Con un del tutto inaspettato e sorprendente colpo di scena, nella giornata di ieri il gruppo Kering ha annunciato la fine della collaborazione tra Alexander McQueen e Sarah Burton. La sfilata dedicata alla collezione primavera/estate 2024 del brand che si terrà il 30 settembre a Parigi sarà quindi l’ultima della stilista, la quale si trova a dover lasciare un ruolo ricoperto da 13 anni.
Il rapporto lavorativo tra la designer e il marchio risale in realtà a ben prima. Burton si è infatti unita per la prima volta alla casa di moda come stagista nel 1996, per poi tornare dopo aver terminato gli studi alla Central Saint Martins. È nel 2000 invece che è diventata Head of Womenswear Design, lavorando a stretto contatto con il fondatore Lee Alexander McQueen. Infine, dopo la tragica morte di quest’ultimo, avvenuta nel 2010, è arrivata la nomina di direttrice creativa e da lì in avanti il suo compito è stato quello di portare avanti l’heritage di McQueen attraverso un’eccezionale idea di sartorialità.
L’operato di Sarah Burton nell’ultimo decennio è stato particolarmente buono dal punto di vista commerciale e del prodotto. A confermarlo sono i numeri: nel 2014 il fatturato era di 220 milioni di euro, per poi arrivare a delle vendite pari a 758 milioni nel 2021, che nel 2022 sono diventati 830. Ed è proprio su questo punto che il gruppo di François-Henri Pinault si dovrà confrontare, ma non solo.
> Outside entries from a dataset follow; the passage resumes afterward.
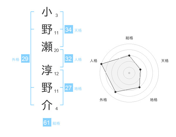 小野瀬 淳野介さんを姓名の画数から五運を鑑定
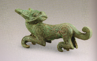 禮縣大堡子山祭祀樂器坑出土,共三只,造型相同,大小相似,為全國虎伴樂器出土的首例。其形象回首卷尾、聳耳曲爪、憨態可掬,極具觀賞性,是春秋時期虎造型的杰作,體現了秦國早期高超的造型能力和精湛的鑄造技術。虎的形象在春秋秦人的器物中多見,不但有自成個體的金虎、青銅回首虎,同時虎作為附飾也出現在一些大的青銅器上。
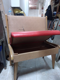 Divanetto vintage con contenitore e seduta rivestita da restaurare. L 76 H 92 P 47

Bisogna ammetterlo: Alexander McQueen è un brand piuttosto difficile da gestire per un direttore creativo. Si tratta di uno di quei nomi che vengono considerati sacri all’interno del fashion system e (soprattutto) indissolubilmente legati al suo fondatore. L’eredità di Lee McQueen è infatti mostruosa e indiscutibilmente complicata da perseguire, ma è altrettanto vero che può essere vista come un’inesauribile fonte di ispirazione da cui attingere (e non soltanto con dei nostalgici riferimenti d’archivio). È per questo motivo che il sentimento comune che nelle ultime ore aleggia nell’aria è quello di un desiderato ritorno alle origini del brand, con una visione che, anche in parte, riesca a riprendere il pensiero dello stilista britannico.
Quello che auspicabilmente ci si aspetta della prossima direzione creativa è quindi una maggiore attenzione nei confronti dello storytelling e del lato esperienziale che il marchio era in grado di offrire quando il suo fondatore era in vita, senza ovviamente dimenticare la sua abilità da couturier. Lee Alexander McQueen era infatti visionario e trasgressivo, con una personalità estremamente complessa, e ce lo comunicava soprattutto attraverso le sfilate.
Nella collezione F/W ’95 raccontò per esempio il cosiddetto “stupro socio-culturale della Scozia da parte dell’Inghilterra” attraverso abiti strappati, pose sconvolte e un’ipersessualizzazione dell’immagine femminile; per l’autunno/inverno 1998 volle ricordare Giovanna d’Arco concludendo il défilé con una modella che danzava tra le fiamme; nel 2001 fu la volta di “Asylum”, uno show che esprimeva tutto il suo turbamento psicologico citando le opere di Joel-Peter Witkin e il ribaltamento dei canoni di bellezza da lui professato.
Perché non riscoprire allora questo lato e far nuovamente parlare Alexander McQueen con dei fashion show che non si limitino soltanto a presentare dei bellissimi capi nuovi da aggiungere al proprio guardaroba? L’occasione sarebbe perfetta, soprattutto se consideriamo quanto la performance (o gimmick, per alcuni) sia diventata un aspetto importante nelle fashion week di oggi.